Sources: Fubo makes surprise pitch to the 13 NBA teams that fled Main Street

Fubo has become an 11th-hour suitor of the 13 NBA teams that have just exited Main Street Sports Group, multiple sources told SBJ, with a hybrid direct-to-distributer and direct-to-consumer model that would include rights fees likely in the vicinity of $10M or slightly below.
Sources said over the past week that Disney-owned Fubo has pursued the Hawks, Hornets, Cavaliers, Pistons, Pacers, Clippers, Grizzlies, Heat, Bucks, T’Wolves, Thunder, Magic and Spurs with the idea that if enough teams opt in, it would create a short-term RSN not too dissimilar from Main Street. Fubo would then campaign to be the NBA’s centralized streaming hub in perhaps 2027-28 or whenever the league launches its long-awaited aggregated platform.
Until now, most of those 13 NBA teams have been weighing offers from DAZN and Victory + or deciding whether to go to an over-the-air local channel through Gray, Scripps or Nexstar (which recently acquired Tegna) while launching a simultaneous direct-to-consumer product through ViewLift or Kiswe. But a source familiar with the bidding said Fubo “sort of came out of nowhere” and is being strongly considered by “a lot of NBA teams.”
Those decisions could crystallize as soon as Friday. According to industry sources, the NBA hopes to know by the end of this week whether their preferred choices Amazon and YouTube TV are ready to bid for and house the league’s national streaming RSN in time for the 2026-27 season. Those sources said if Amazon and YouTube TV waffle — entirely possible if the league can’t guarantee 20 teams will opt into the platform by next fall — then the NBA will almost certainly delay an aggregated streaming platform another year until the 2027-28 season to provide more time to launch the venture.
An NBA spokesperson denied Wednesday that there is any sort of Friday deadline. Multiple teams, though, are under the impression that they can begin signing new linear and streaming deals next week.
That creates an opening for Fubo, which — in the interim — can jump in and create its own aggregated RSN for the 13 Main Street franchises next season. Fubo’s pitch to those teams, sources said, has been three-fold. First, Fubo would want some majority of the 13 teams (the exact number unclear) to aggregate their rights and allow Fubo to negotiate direct-to-distributer linear deals with cable companies such as Comcast, Charter, etc. Or, though sources said Fubo is discouraging it, there could be deals with local linear OTA channels in each market. If not enough of the 13 teams opt in, Fubo has led teams to believe it will drop the endeavor altogether.
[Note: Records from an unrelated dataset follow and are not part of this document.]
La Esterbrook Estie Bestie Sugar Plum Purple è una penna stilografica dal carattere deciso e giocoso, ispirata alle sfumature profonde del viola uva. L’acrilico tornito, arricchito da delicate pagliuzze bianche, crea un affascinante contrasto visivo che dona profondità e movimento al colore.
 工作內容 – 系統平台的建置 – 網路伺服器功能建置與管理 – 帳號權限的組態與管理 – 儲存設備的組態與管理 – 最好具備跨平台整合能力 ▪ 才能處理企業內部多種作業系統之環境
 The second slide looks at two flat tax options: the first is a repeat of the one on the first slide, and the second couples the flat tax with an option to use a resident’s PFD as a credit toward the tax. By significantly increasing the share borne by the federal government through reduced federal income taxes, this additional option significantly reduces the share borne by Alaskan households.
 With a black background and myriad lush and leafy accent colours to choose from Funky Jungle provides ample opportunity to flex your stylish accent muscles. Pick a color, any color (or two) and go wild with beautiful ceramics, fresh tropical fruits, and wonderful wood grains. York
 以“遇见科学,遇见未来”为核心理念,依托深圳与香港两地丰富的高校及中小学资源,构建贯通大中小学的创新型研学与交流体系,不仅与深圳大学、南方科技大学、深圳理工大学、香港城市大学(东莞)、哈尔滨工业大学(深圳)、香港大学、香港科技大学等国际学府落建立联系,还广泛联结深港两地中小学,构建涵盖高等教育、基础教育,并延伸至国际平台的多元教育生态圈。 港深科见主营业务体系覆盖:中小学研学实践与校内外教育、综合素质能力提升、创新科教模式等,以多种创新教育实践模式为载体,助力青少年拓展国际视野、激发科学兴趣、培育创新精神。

Secondly, Fubo would stream those teams’ games through its own digital platform, hoping it would impress the league enough to become a candidate for the national RSN in 2027-28. Third, Fubo would allow the teams a one-time opt out after next season or beyond if the NBA does, in fact, launch its national platform — at which point those teams would have to pay back a portion of their rights fees. That point is crucial because sources said the NBA has instructed teams to include an opt-out in any pending local streaming deal, with the league’s national platform in mind. The NBA denies making that request to teams.
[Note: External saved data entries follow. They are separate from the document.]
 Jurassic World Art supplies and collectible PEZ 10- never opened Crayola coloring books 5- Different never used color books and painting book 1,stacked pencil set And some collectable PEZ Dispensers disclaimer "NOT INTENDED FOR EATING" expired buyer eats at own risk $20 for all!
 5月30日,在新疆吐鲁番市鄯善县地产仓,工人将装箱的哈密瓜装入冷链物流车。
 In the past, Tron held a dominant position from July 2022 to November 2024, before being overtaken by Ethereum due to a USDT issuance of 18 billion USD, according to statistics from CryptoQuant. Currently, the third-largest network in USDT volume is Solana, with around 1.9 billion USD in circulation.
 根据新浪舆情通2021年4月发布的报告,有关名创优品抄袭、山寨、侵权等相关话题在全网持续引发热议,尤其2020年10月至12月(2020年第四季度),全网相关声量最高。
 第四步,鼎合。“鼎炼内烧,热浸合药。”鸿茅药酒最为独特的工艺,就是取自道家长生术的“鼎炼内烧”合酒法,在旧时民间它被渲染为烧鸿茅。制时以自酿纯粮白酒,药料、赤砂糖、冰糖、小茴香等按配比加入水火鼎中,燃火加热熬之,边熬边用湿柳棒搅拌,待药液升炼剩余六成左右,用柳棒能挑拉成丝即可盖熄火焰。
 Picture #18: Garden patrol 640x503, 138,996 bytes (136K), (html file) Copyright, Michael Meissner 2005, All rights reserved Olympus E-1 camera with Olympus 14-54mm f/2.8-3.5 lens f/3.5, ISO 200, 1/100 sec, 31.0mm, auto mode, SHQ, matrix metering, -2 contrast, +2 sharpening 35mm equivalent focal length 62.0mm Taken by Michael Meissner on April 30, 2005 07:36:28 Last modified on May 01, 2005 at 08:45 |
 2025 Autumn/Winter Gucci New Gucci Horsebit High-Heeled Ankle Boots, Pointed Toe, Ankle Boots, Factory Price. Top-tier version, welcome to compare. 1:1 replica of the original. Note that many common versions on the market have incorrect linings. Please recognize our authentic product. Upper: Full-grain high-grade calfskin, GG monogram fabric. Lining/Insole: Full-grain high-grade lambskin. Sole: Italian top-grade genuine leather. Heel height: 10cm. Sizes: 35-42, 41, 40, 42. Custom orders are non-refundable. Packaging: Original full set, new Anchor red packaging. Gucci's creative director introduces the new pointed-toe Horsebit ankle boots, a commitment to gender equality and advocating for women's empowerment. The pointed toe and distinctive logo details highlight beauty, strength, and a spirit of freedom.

Fubo declined comment Wednesday. But, according to multiple sources, its proposed rights fees have ranged above and below the $10M figure. The Fubo blueprint, according to those familiar with its pitch, is to arrange as broad a distribution plan as possible, then augment it with a DTC package and advertising.
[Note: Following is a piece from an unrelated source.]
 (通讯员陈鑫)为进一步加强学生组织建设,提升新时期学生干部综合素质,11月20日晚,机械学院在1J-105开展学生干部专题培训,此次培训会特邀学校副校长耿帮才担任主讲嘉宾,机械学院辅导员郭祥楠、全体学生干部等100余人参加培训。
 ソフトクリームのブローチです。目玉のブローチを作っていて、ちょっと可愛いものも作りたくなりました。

Fubo’s other advantage is its name recognition through Disney, which owns roughly a 70% share of the streaming service. Both DAZN and Victory+ have made some headway in recent months — with sources, for instance, saying as many as three NBA teams are provisionally ready to sign with Victory+ depending on financing. But industry sources say the majority of the country is still somewhat unfamiliar with DAZN and Victory, which has created skepticism within various NBA teams.